I'm in love with my EARTHEN GLOW Minerals foundation, blushes, Radiant Finishing powders and a few of the shadows. I've been wearing Sherri-Lynn foundation for about 10 days now. I love it. It's close to MAC NC45 (my Winter color). Two of the radiant finishing powders work well for me too: Dusk at Lagos and Acapulco Sunset. I reach for Boracay Island blush frequently.  And I've been wearing eye shadows Death Vallet Sunset and Rainbow (for brow highlight) almost daily too. 

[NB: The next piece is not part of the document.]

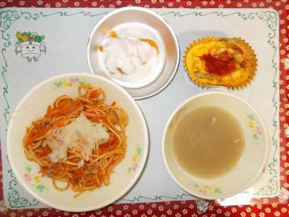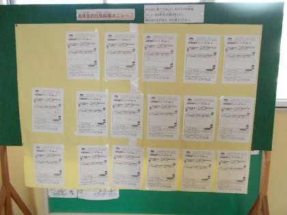 今日の6年生の元気応援メニューは、「八王子ナポリタン・みかんのヨーグルトがけ」です。八王子ナポリタンは、野菜がたくさん入っていて栄養があるところ・みかんのヨーグルトがけは、骨を強くしてくれるなどです。6年生のメッセージは、食育メモで各クラスへ配布するほかにお昼の放送で伝え、1年生の昇降口にも掲示しています。

I have several more blushes, finishing powders and eye shadows ... but the colors mentioned above are the colors that I am wearing regularly. All mentioned will probably work well for MAC NC45 women who like fairly light coverage with a nice healthy glow.


----------



## user79 (Mar 8, 2009)

I was not impressed with their products. The shadows just buffed right off during blending, the foundation was very glittery and bad formulation and the blushes also had very large glitter chunks. It looked very unnatural on me...


----------



## MAHALO (Mar 25, 2009)

During the BOGO sale, I purchased full sizes of 2 more Radiant Glow Finishing Powders: Acapulco Sunset and Tibetan Gold... love them. I recommend them for darker skin tones. I am NC45 winter, NW43 summer. My daughter is NW45. They are especially pretty on her.


----------



## ashk36 (May 23, 2009)

I just ordered a bunch of samples last night and I can't wait to get them. I'm once again on the hunt for a new mmu. Not that the stuff I use now is awful, but I could find a better color match, and Earthen Glow definitely has a crazy selection. It's overwhelming even just picking samples. I think I ordered 5 or 6 foundations, a couple blushes, and a couple eyeshadows. I'm somewhat obsessed with finding my perfect white highlighting shadow, so I ordered several different ones. Can't wait to get my stuff in the mail and see how I like it.


----------



## paintednightsky (Jun 23, 2009)

Ok with EGM, I'd say their highlights are foundation and finishing powders like their HI DEF and the glow powders.  They seriously have the best coverage of any other MMU company.  Their glow powders like Athena, Sunrise are so much better than MAC MSF.  Their blush is also nice.  I wasn't too impressed with the eyeshadows either.  Aromaleigh and Fyrinnae are definitely better.  Their eyeshadow tends to be inconsistent.  Some colors however I DO like.  It's really a hit or miss with them in that category.


----------